MARTHA proteomics substudy
A sample of 1,388 MARTHA patients with available plasma samples were profiled for targeted plasma proteomic investigations as described below.
MARTHA genetic substudy
From the whole MARTHA population, 1592 patients with DNA available were genotyped with high-throughput genotyping arrays (see below).
Plasma proteomic profiling
Generation of antibody suspension bead array (SBA)
The multiplex antibody suspension bead array (SBA) was created by covalent coupling of 339 Human Protein Atlas (HPA) antibodies, 13 from commercial providers and 25 monoclonal BSI antibodies (BioSystems International Kft) targeting 234 unique candidate proteins (Supplemental Table 2). Antibodies were individually coupled to carboxylated magnetic beads (MagPlex-C, Luminex Corp.) generating up to 384 different bead identities (IDs), essentially according to methods previously described [45,46]. The final multiplexed suspension bead array was prepared by combining all 384 antibody coupled beads into a single SBA stock with a concentration of approximately 25-40 beads of each antibody bead ID/ul.
Plasma labelling and protein profiling assay
Plasma samples were diluted 1:10 in filtered 1xPBS and labelled with biotin (NHS-PEG4-Biotin, Thermo Scientific) for 2h at 4°C. The labelling process was terminated by the addition of 12,5ul of 0.5M HCl pH:8.0 to each sample for 20 min and consecutively storage at −20°C until usage [45]. Labelled plasma samples were diluted 1:50 in PVX casein buffer + 10% (v/v) rabbit IgG (0.1% casein, 0.5% polyvinyl alcohol, 0.8% polyvinylpyrrolidone, prepared in 1xPBS). Diluted samples were heat-induced to achieve epitope retrieval for 30 minutes at 56°C. Five microliters of the SBA were mixed with 45ul of heat-treated samples for 16-18 hours, at RT and constant shake.
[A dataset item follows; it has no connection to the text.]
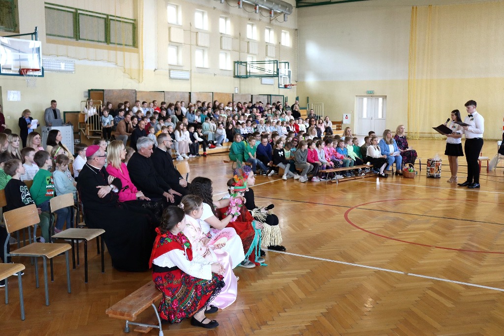 18 marca 2026 r. naszą szkołę w ramach wizytacji kanonicznej odwiedził Ksiądz Biskup Szymon Stułkowski. Obecność Księdza Biskupa była dla całej społeczności szkolnej wielkim świętem i ogromnym przeżyciem. Dostojny Gość został przywitany przez dyrektor szkoły – Panią Marię Kluge.

Unbound complexes were removed by 2 consecutive washes with PBS-T and antibody-bound complexes were cross-linked by resuspending the beads in 0.4% PFA-PBS for 10 min. R-phycoerythrin-conjugated streptavidin (1:750, PBS-T; Invitrogen) was added to all samples for 30 min followed by 2 times washes. Relative amount of each protein complex was expressed as median of fluorescence intensity (MFI) by read out on a FlexMAP3D.
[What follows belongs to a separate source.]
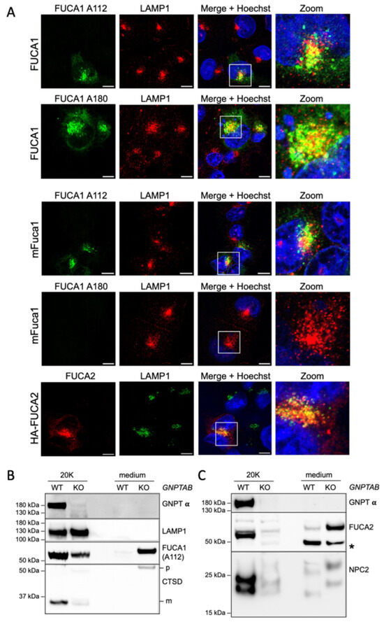 The novel FUCA1 antibodies failed to detect endogenous Fuca1 on multiple tissue western blots from wild-type and Fuca1-KO mice. However, endogenous FUCA1 and FUCA2 were detected in 20,000× g (20K) lysosome-enriched fractions prepared from human wild-type (WT) haploid HAP1 cells (Figure 4B,C). In contrast, HAP1 cells in which the gene encoding the Golgi-resident GlcNAc-1-phosphotransferase α/ß subunit precursor protein (GNPTAB) was deleted by CRISPR-Cas9 gene editing showed decreased levels of FUCA1 in the 20K lysosomal fraction, whereas the abundance of other lysosomal enzymes, such as FUCA2 and cathepsin D (CTSD), or of the luminal accessory protein Niemann-Pick type 2C (NPC2), was strongly reduced. The loss of GlcNAc-1-phosphotransferase prevents the modification of luminal lysosomal proteins with M6P targeting signals, resulting in the missorting of a significant proportion of these newly synthesized proteins into the medium rather than correctly directing them to lysosomes. Lysosomal membrane proteins like LAMP1 remained unaffected due to their M6P-independent transport to lysosomes. These results demonstrate that the sorting of both lysosomal α-L-fucosidases, FUCA1 and FUCA2, is strongly M6P-dependent.

The Early Onset Venous Thrombosis (EOVT) study
This study is composed of 339 VTE patients with documented idiopathic isolated PE or DVT selected according to the same criteria as the MARTHA participants, with the exception that the age of VTE onset was below 50 yrs. Detailed description can be found in [44,47]
Deep-learning framework for identifying a molecular predictor of PE risk
Step 1: Normalization
First, all HPA variables were normalized and scaled to have 0 mean et 1 variance to avoid major artificial influence of variables with large range of variations.
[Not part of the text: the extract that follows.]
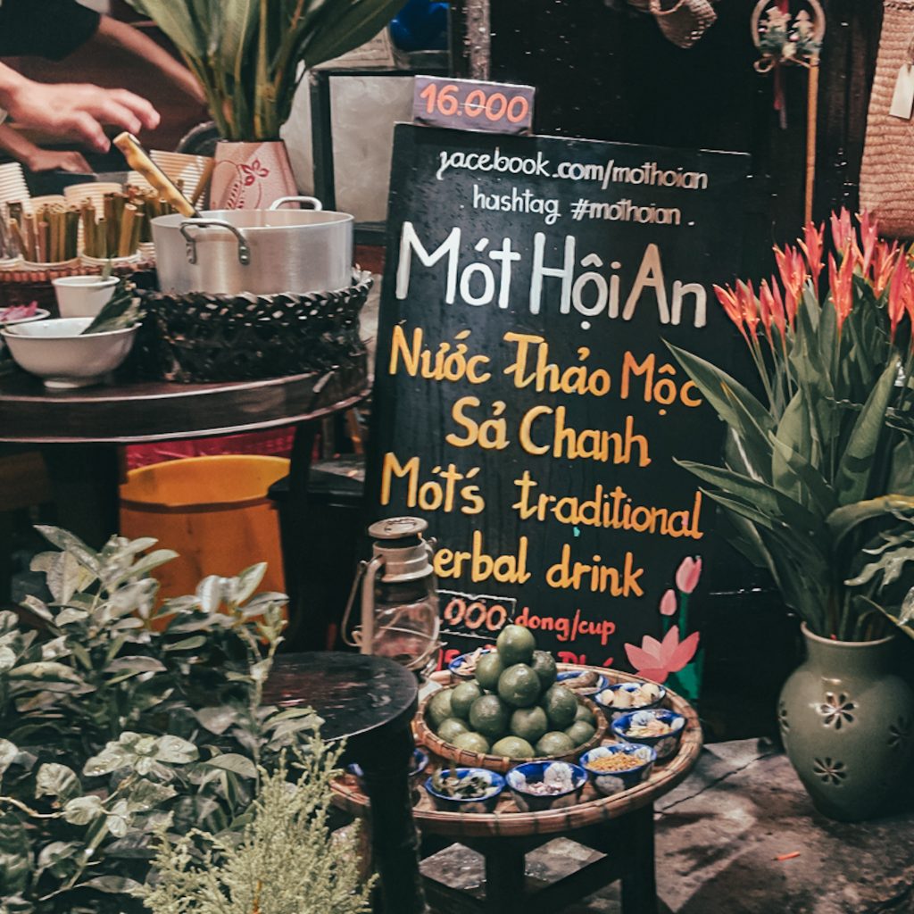 Danach ist der Regenschauer weitestgehend verzogen und wir spazieren in die Altstadt. Die Laternen kommen im Dunklen noch einmal besser zur Geltung. Es sieht wirklich schön aus und sogar in den Regenpfützen spiegeln sich die bunten Lichter. Auf dem Nachtmarkt gibt es sogar Stände, die nur Laternen verkaufen. Auch bei genauerer Betrachtung können diese natürlich nicht mit unseren Unikaten mithalten. Und weil wir uns hier auf lokaler Speisen-Expedition sind, testen wir auf dem Rückweg noch den kalten Kräutertee, der hier ebenfalls hoch angepriesen wird. Der schmeckt wider unserer Erwartungen ziemlich gut. Sehr würzig und frisch, vielleicht ein bisschen zu süß, aber bei heißem Wetter auf jeden Fall eine super frische und tatsächlich auch kostengünstige Erfrischung. So geht unsere Zeit hier in Hoi An auch schon wieder zu Ende. Am nächsten Morgen essen wir zum Abschluss nochmal Cao lầu zum Frühstück in unserer Unterkunft und machen uns dann auf den Weg nach Da Nang. Ausnahmsweise dauert die Fahrt dieses Mal weniger als eine Stunde.

Step2: Edited nearest neighbors
As our aim was to identify new molecular markers associated with PE, we hypothesized that conducting our discovery phase on isolated PE, an expected less heterogeneous class of VTE patients than the class of patients with both DVT and PE, will increase our chance to identify novel relevant molecular players. As a consequence, we decided to built our ANN model only on patients with isolated PE (N = 95) or with DVT (N = 1105). However, due to the imbalance nature of this dataset with ∼10 more samples in the DVT class than in the PE class, we applied the edited nearest neighbors (ENN) algorithm, an under sampling method usually used in the field of pattern recognition or classification in presence of unbalanced samples [16]. This method relies on under sampling unit of analysis, in our case individuals, from the majority class by removing the most heteregenous units. It consists in computing the Euclidian distance between each pair of individuals from their proteomics data and to remove samples whose clinical phenotype (here DVT) is not consistent with that of his/her k nearest neighbors (k=3 in this work). This led us to the selection of the so called ANN dataset composed of N = 497 DVT and N = 95 PE patients for building our ANN model.
Step3: Derivation of an ANN model for PE prediction
To build our ANN model, the ANN dataset was divided into a training set composed of 576 patients (487 DVT and 89 PE) and a testing set of 16 patients (10 DVT and 6 PE), the latter being used for testing the accuracy of the ANN model derived from the former. This allocation was chosen so that the number of PE cases used for training was sufficiently large.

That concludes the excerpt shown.